Skip to content

Audio Engines

Overview

Audio Generation Engines facilitate audio generation. Audio Generation Engines provides a run method that accepts the necessary inputs for its particular mode and provides the request to the configured Driver.

Text to Speech

This Engine facilitates synthesizing speech from text inputs.

import os

from griptape.drivers import ElevenLabsTextToSpeechDriver
from griptape.engines import TextToSpeechEngine


driver = ElevenLabsTextToSpeechDriver(
    api_key=os.getenv("ELEVEN_LABS_API_KEY"),
    model="eleven_multilingual_v2",
    voice="Rachel",
)

engine = TextToSpeechEngine(
    text_to_speech_driver=driver,
)

engine.run(
    prompts=["Hello, world!"],
)

Audio Transcription

The Audio Transcription Engine facilitates transcribing speech from audio inputs.

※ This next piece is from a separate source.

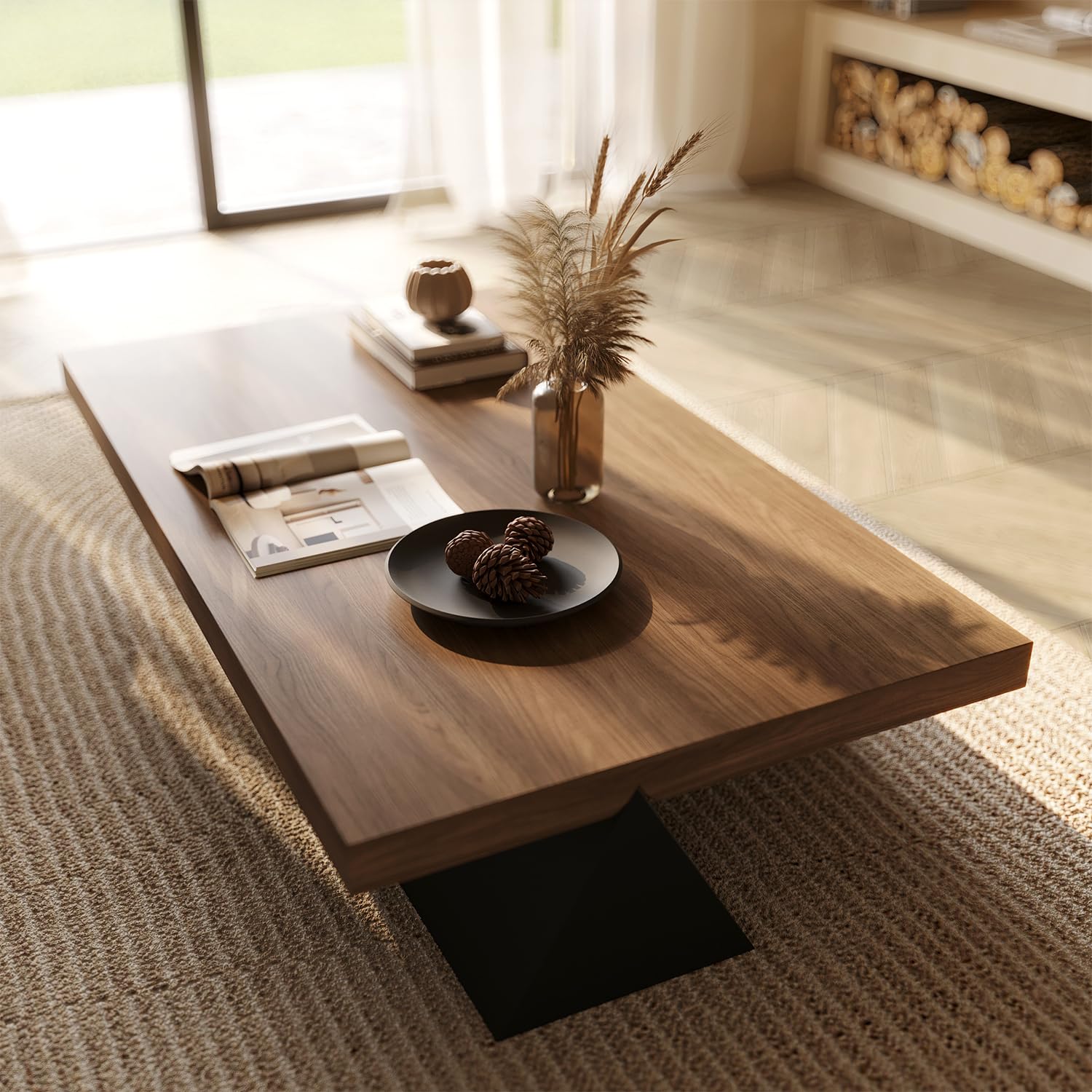 - Premium material combination: This living room center table is crafted with a solid MDF, crown walnut veneer table top, and black high glossy base, offering both natural warmth and industrial sophistication while ensuring exceptional durability.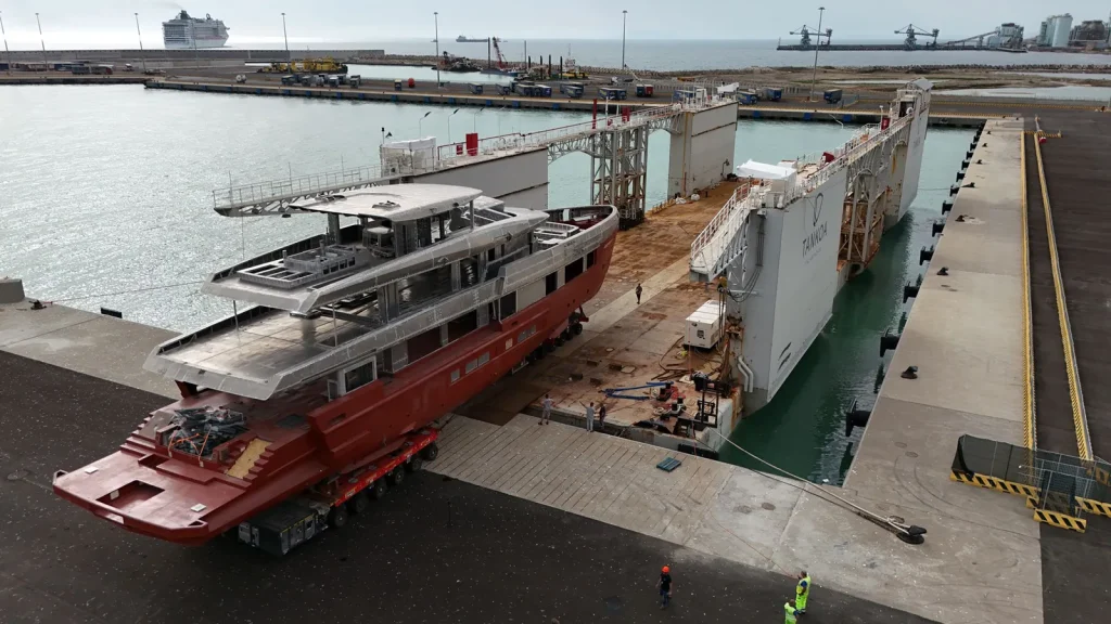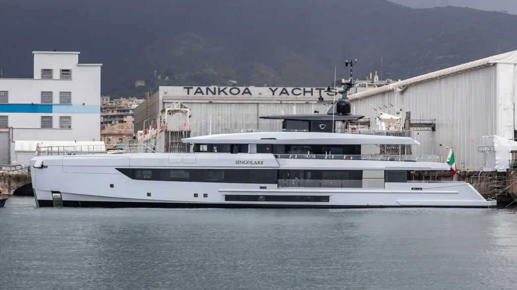 Prior to its arrival in Genoa, essential machinery installations and other production tasks were finalized in Civitavecchia. This transfer not only signifies the yacht’s advancement but also underscores Tankoa’s strategic production processes. Each step, from initial build to outfitting, is meticulously planned to ensure that the final product meets the high standards expected in this sector.

from griptape.drivers import OpenAiAudioTranscriptionDriver
from griptape.engines import AudioTranscriptionEngine
from griptape.loaders import AudioLoader
from griptape.utils import load_file


driver = OpenAiAudioTranscriptionDriver(
    model="whisper-1"
)

engine = AudioTranscriptionEngine(
    audio_transcription_driver=driver,
)

audio_artifact = AudioLoader().load(load_file("tests/resources/sentences.wav"))
engine.run(audio_artifact)